Print every entry exactly as written and exclude all images.

# # # # # # #

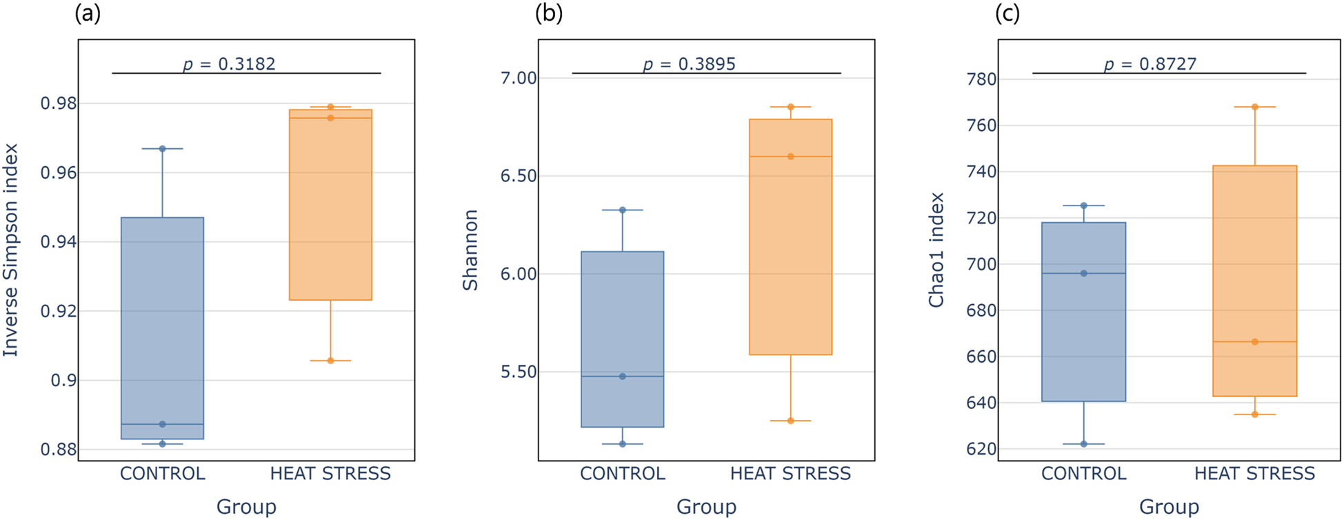 Boxplots showing alpha diversity indices for the control and heat treatment groups. (a) Inverse Simpson index, (b) Shannon index, and (c) Chao1 index. Each box represents the interquartile range (IQR), with the median shown as a horizontal line. Individual samples are overlaid as vertical jittered dots. p-values were calculated using Student’s t-test.
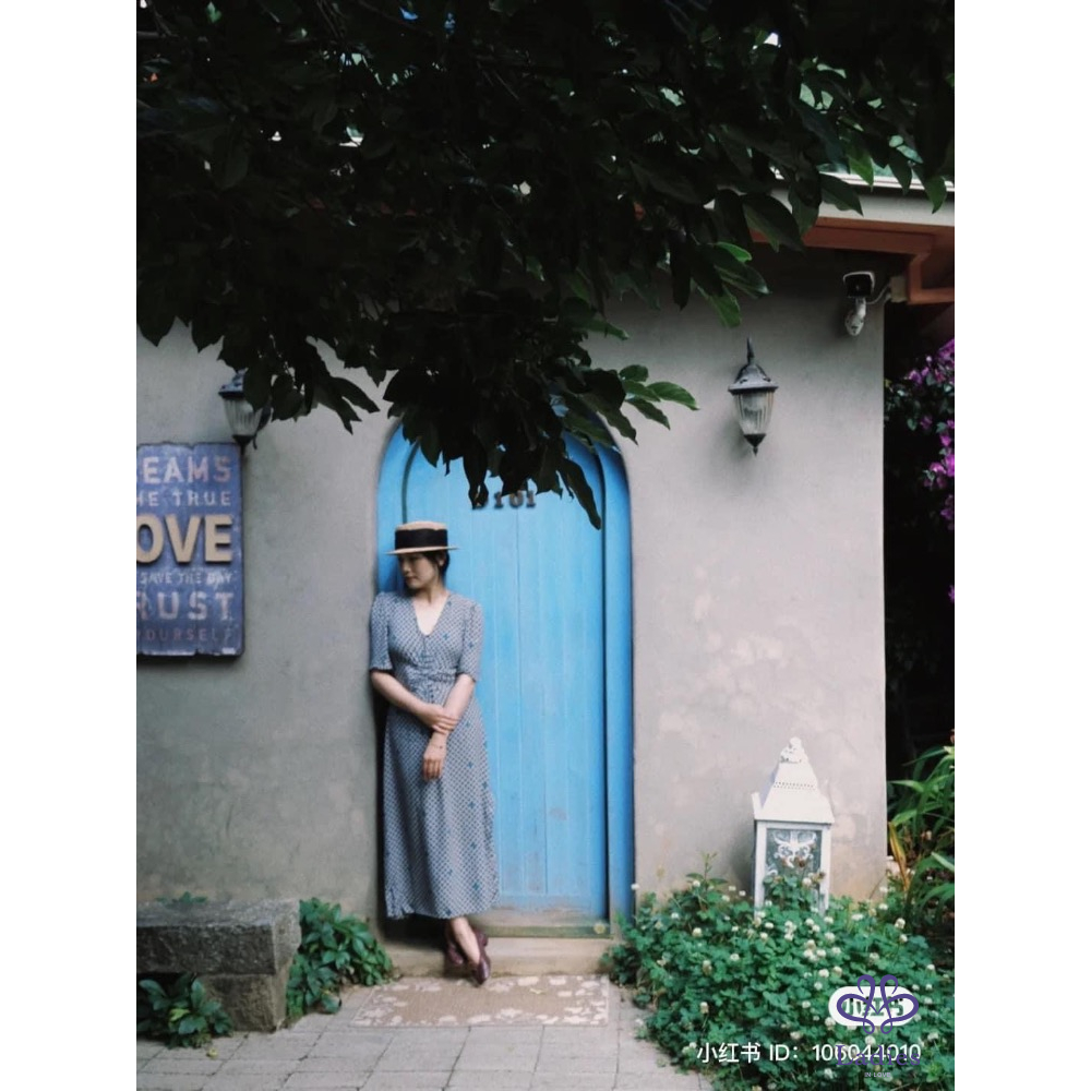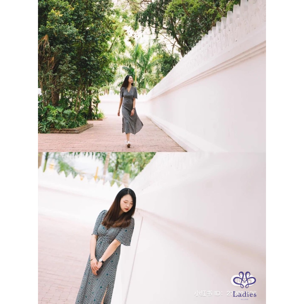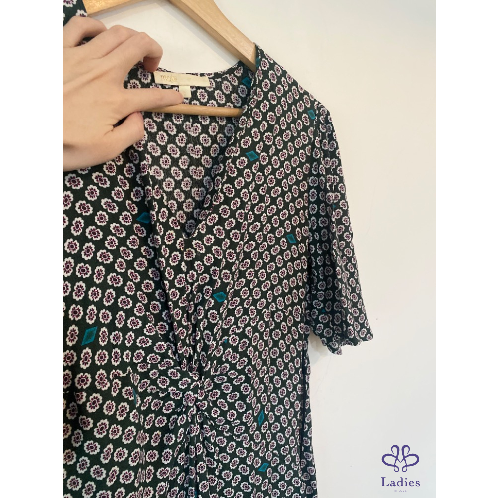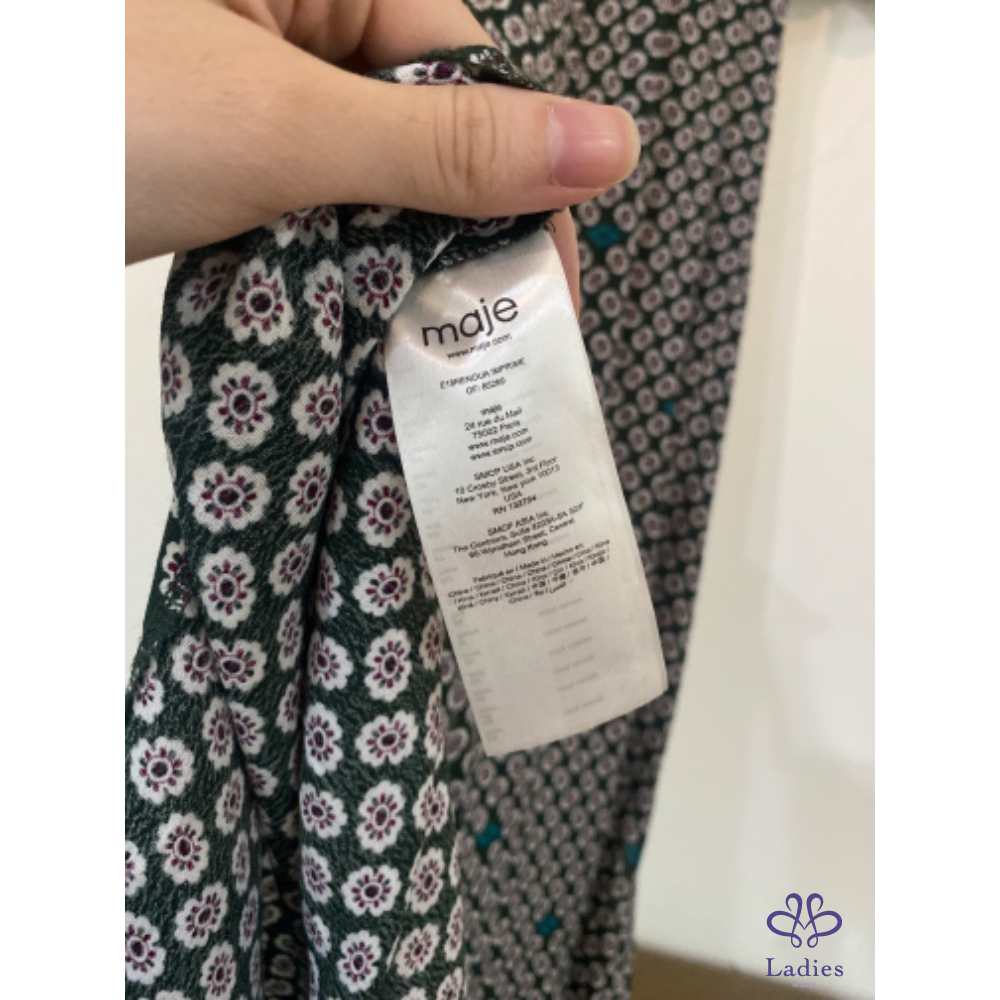 首頁 精品服飾 Maje 抹茶綠類真絲印花扭結長版洋裝
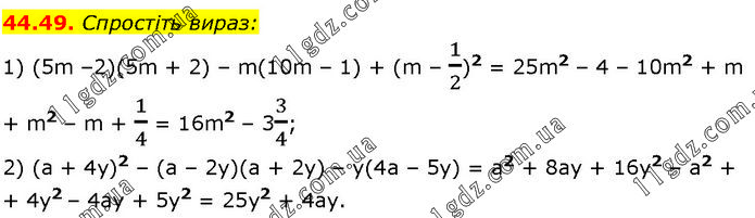 Спростіть вираз: 1) (5m –2)(5m + 2) – m(10m – 1) + (m – 1/2)2 = 25m2 – 4 – 10m2 + m + m2 – m + 1/4 = 16m2 – 33/4; 2) (a + 4y)2 – (a – 2y)(a + 2y) – y(4a – 5y) = a2 + 8ay + 16у2 – a2 + 4y2 – 4ay + 5y2 = 25y2 + 4ay.
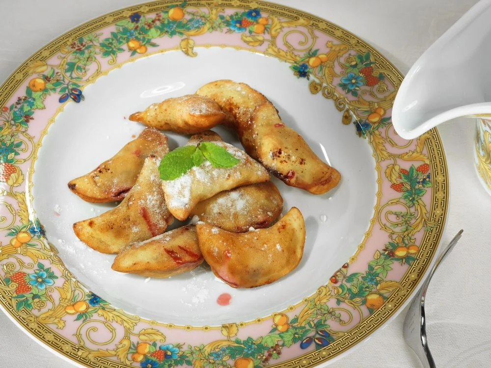 ШАГ 4 Опустить порцию вареников в разогретое масло: вынуть шумовкой через три-четыре минуты, когда они станут золотистыми, положить в тарелку. Посыпать сахарной пудрой.
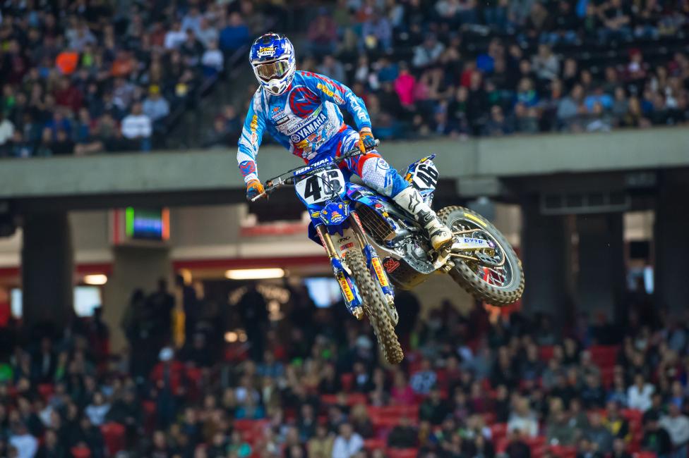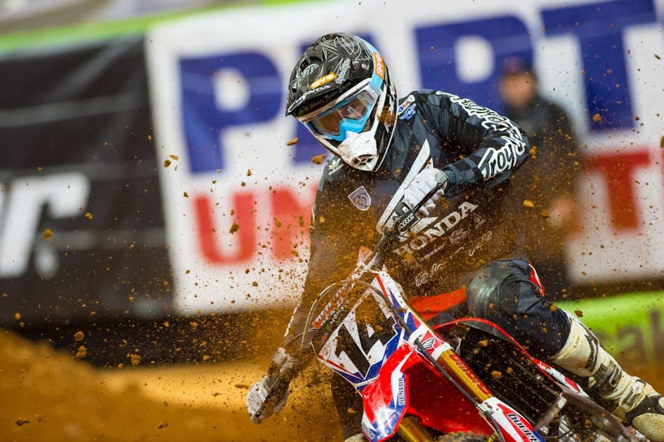 Trey Canard: Not a bad night, happy to be on the podium, but bummer to get another bad start. Just moved forward and did the best we could; that’s all we can really ask for. I think the bike started working even better in the main event; it’s good to carry that feeling forward. I just tried to make moves. I was riding really aggressive, and I think you just have to do that when you’re that far back. When I got into third I started to catch [Dungey] a little bit, but we just basically cat and moused it all the way to the last couple of laps. That’s all I could do.

# # # # # # #

| Exercise answer |
 Boxplots showing alpha diversity indices for the control and heat treatment groups. (a) Inverse Simpson index, (b) Shannon index, and (c) Chao1 index. Each box represents the interquartile range (IQR), with the median shown as a horizontal line. Individual samples are overlaid as vertical jittered dots. p-values were calculated using Student’s t-test.
 首頁 精品服飾 Maje 抹茶綠類真絲印花扭結長版洋裝
 Спростіть вираз: 1) (5m –2)(5m + 2) – m(10m – 1) + (m – 1/2)2 = 25m2 – 4 – 10m2 + m + m2 – m + 1/4 = 16m2 – 33/4; 2) (a + 4y)2 – (a – 2y)(a + 2y) – y(4a – 5y) = a2 + 8ay + 16у2 – a2 + 4y2 – 4ay + 5y2 = 25y2 + 4ay.
 ШАГ 4 Опустить порцию вареников в разогретое масло: вынуть шумовкой через три-четыре минуты, когда они станут золотистыми, положить в тарелку. Посыпать сахарной пудрой.
 Trey Canard: Not a bad night, happy to be on the podium, but bummer to get another bad start. Just moved forward and did the best we could; that’s all we can really ask for. I think the bike started working even better in the main event; it’s good to carry that feeling forward. I just tried to make moves. I was riding really aggressive, and I think you just have to do that when you’re that far back. When I got into third I started to catch [Dungey] a little bit, but we just basically cat and moused it all the way to the last couple of laps. That’s all I could do.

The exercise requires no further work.